You have no idea what a concession that is for me. :-)

8 comments:
whoa--you've changed so much.
and you make me laugh with those numbers.
i didn't really believe you'd like donald miller. lol silly me.
"Remember that the best relationship is one in which your love for each other exceeds your need for each other." -the Dalai Lama
thought that was relevant.
i don't have to respond completely, but you have changed so much. donald miller got to you, i think. lol.
all right, wish i had more time. i will get back to this.
really? thanks for noticing! did you know Devon's read blue like jazz? yeah, i loved it. and that is a great quote. ah, i never did comment on your blog, did i? ops... *runs off to do so*
argh...!!!! mnm, can I steal your post and just copy it over to my blog?!? why do you always say exactly what I feel?
oo, and what was the name of the book you read? about the girl? and missions?
had to ask. just couldn't...stop...myself
haha! twins!
oh, sorry, actually that was just a little segment in Before You Meet Prince Charming by Sarah Mally, which pretty much changed my life exactly one year ago. I know I've talked about it before.
"Even good desires can be used by the devil to throw us off" that is so true. the "best" and most outwardly good-looking plans and designs can move you in the exact opposite direction from god. very easily.
the devil is trying to neuter jesus' message and make us and the church irrelevant and unimpactful. if he can do that and make us think we're doing pretty good, actually, then he's going to be very happy. that's a big part of cs lewis' message.
"What you beleive is more important than passion". true. but i believe passion should be connected to what you believe, at least in the case of christianity, that's true.

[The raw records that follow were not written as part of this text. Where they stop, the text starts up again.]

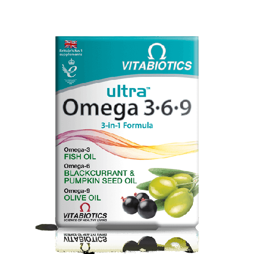 Ultra Fish Oils is a range of premium grade fish oils designed to meet the highest quality and purity standards appealing to those who are looking for the best marine oils available. Ultra Omega 3·6·9 capsules, a unique 3-in-1 formula providing the benefits of Omega-3, Omega-6 and Omega-9 all in one capsule. These beneficial EFA's (Essential Fatty Acids) are sourced from Blackcurrant and Pumpkin seed oils, Omega-3 Fish Oil and Olive Oil.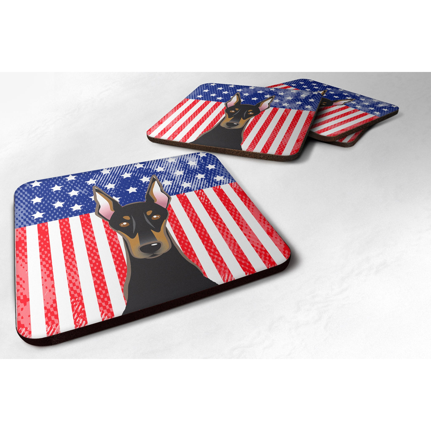 'Caroline's Treasures BB2175FC American Flag And Doberman Foam Coaster (Set of 4) 3.5'''' Multicolor''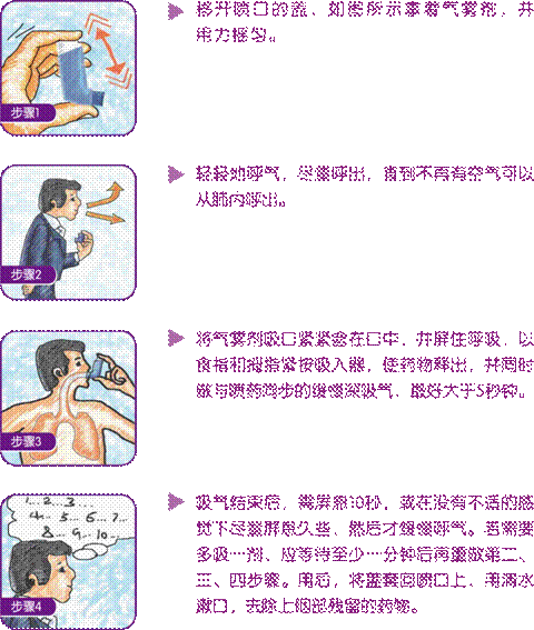 如果出现上述症状,首先吸入短效β2受体激动剂气雾剂,比如万托林,每次2-4喷,如果症状没有得到缓解,20分钟后可重复喷药,重复3次后仍不能缓解,应及时去医院急诊
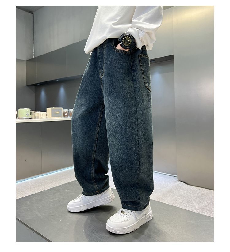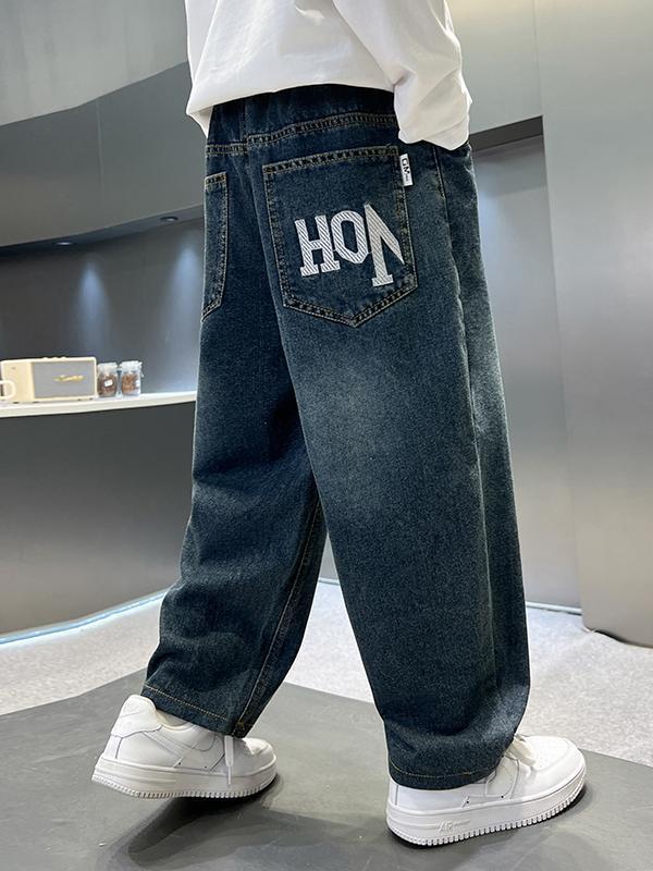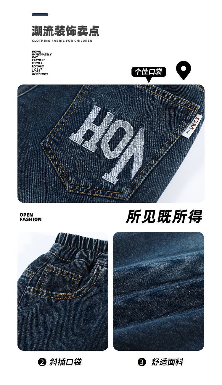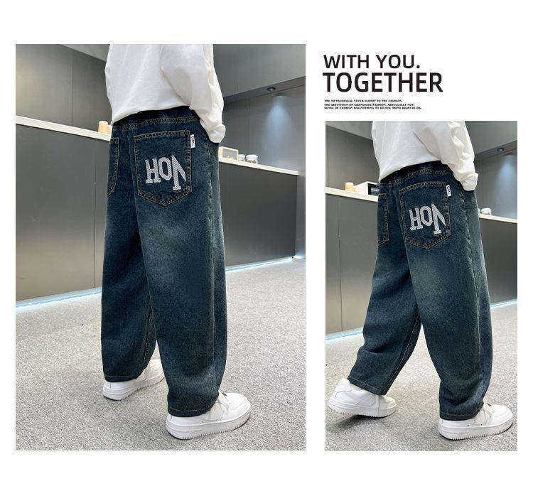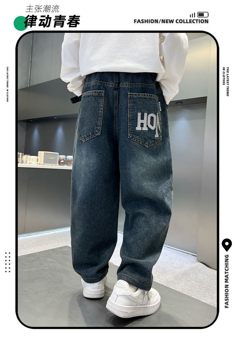 남아용 바지 봄 데님 팬츠 아동 가을 캐주얼 팬츠 2025 트렌디한 큰아이 한국 스타일 긴바지 레터 프린트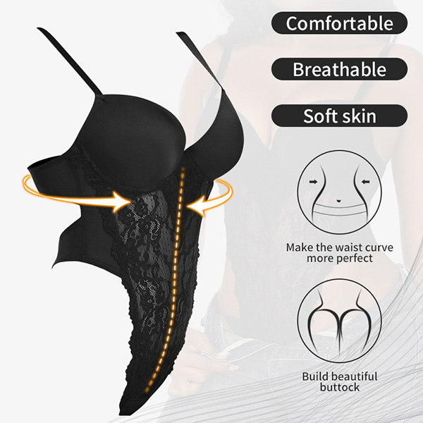 Sexy Lace Spliced Push-up Slim Fit Bodysuit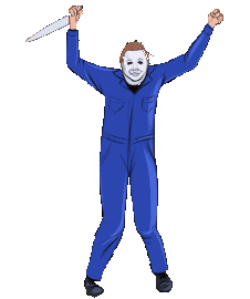 Michael Myers, the iconic horror character, performs a lively pixel art dance, holding his signature knife.

"God made us with a tremendous capasity for love" that's very true and right on. don't ever say this at church, however.
Yes, what you believe and not being afraid to share it with the world is more important than passion. But sharing it with the world should be a passion of ours, and if we don't have that passion, then even though it's more important, it will have less impact.
Also, the passions God gives us in our hearts can always be used for Him.
Very good post. Some interesting thoughts. I'll comment more later.
Thank you Emily. I really needed that right at this moment.
The part that really got me was "Prayer is wrestling with God until He wins." I always took for granted Him knowing me better than I know myself that I never thought about actually having a conversation with Him in my prayers. Or just telling Him how I feel. . . ahh! You will probably post something that will say exactly what I am trying to say.
You have a talent with words, I do not. Thank you, thank you for that reminder.